Since April is considered Poetry Month I thought it only appropriate to post some poems.  A quick disclaimer first:  I haven’t written poetry in many, many years.  The one I’m about to share, I wrote in 1985 while taking a college Creative Writing course.  The assignment was to write something sensuous.  So, I wrote a love poem to my then boyfriend and now husband Dean.  Shortly after I gave him the poem, we broke up.  It was a very emotional time for both of us.  He wrote a poem in response to mine and shared it with me when we got back together.  We never could stay away from each other for long, which I guess, by now, is obvious, seeing how we’ve been legally married for 22 years, lived together for four, and dated for two.  Well, without further ado here’s my poem, followed by his (and I have to admit, I think his is the better of the two).  Enjoy!

The Love We Make

Deep tones you emit

From full, searching lips,

Sending shivers of anticipation

Down my legs and up my spine,

Clear through to warm my belly.

Your strong, but gentle hands

Reach for me, pulling me closer

To the heat of your presence.

My heavy head tilts back

As I melt

In your dark brown,

Liquidity pools,

The very essence of you,

That mirrors your soul.

As I fall

The hold you have on me

Keeps me from drowning,

Yet you smother me

With your delicious sweetness

I want to keep all for myself.

Tongues flick like fire

As I taste the salt of your labor

On your neck where I rest my open heart.

Planets dissolve into nothingness

For there is nothing

But the two us,

Consumed by flaming powers

Only we can control.

Moaning pleasure, the only sound

In the universe we created

From a mold of mutual understanding.

Bodies stiffen and muscles strain

As if letting go of all life’s frustrations

Within a matter of moments

That seem like ages,  like seconds

Ticking away from our grasp.

Reality ends

And begins

At the same time.

Another Love Song

Is this just another love song
Of fools and follies and emotions?
Is this just another love gone wrong
With its good intentions and romantic notions?

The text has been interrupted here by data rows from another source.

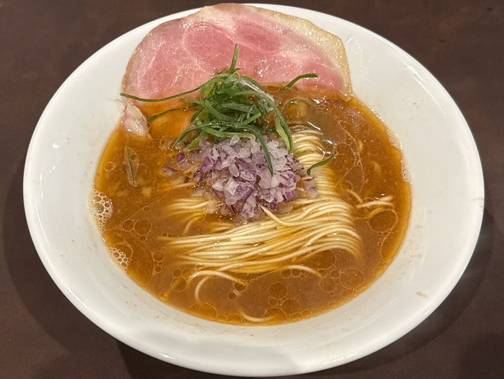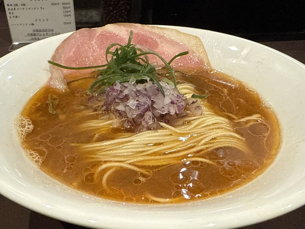 具は低温調理のチャーシュー、細切り青ねぎ、きざみアーリーレッド。チャーシューが縁から向こうに垂れ下がってれば、ペロンチャーシュー認定でしたが惜しい!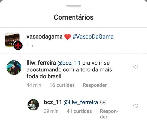 No Instagram, Bruno César responde a seguidor que exaltou torcida do Vasco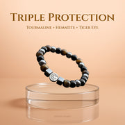 Triple Protection Stone – Tourmaline + Hematite + Tiger Eye - 8mm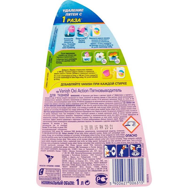 Пятновыводитель жидкий Vanish применяется как для цветного, так и для белого белья. Не содержит хлор. Содержит кислородосодержащий отбеливатель, благодаря которому безопасно и эффективно удаляет пятна. Пятновыводитель эффективен при низких температурах.

Does time always mend wounds done in passing?
Who is answering questions and who is asking?
Do tongues that flicked like fire still linger
What ecstasy can sweep us with its deep bound fingers?

And am I wrong to feel the way I do
As ages pass since I last saw you?
Could you ever understand if I could ever say
I’m trying to clear a path but I’m still in my way.

Is this just another love song
Of fools and follies and emotions?
Does it only fall like rain upon
A vast and endless ocean?

Are we lost and consumed beyond control?
Does our essence still mirror our souls?
Can we still gain some calm composure
And hide from open hearts’ disclosure?

We try to grasp beyond our reach
And clench the emptiness that makes us weep.
We only think of sweet yesterdays
As we hitch a ride to take us away.

Is this just another love song
Sung through tears in shades of blue?
Perhaps it is a love gone wrong
But I still find myself—loving you.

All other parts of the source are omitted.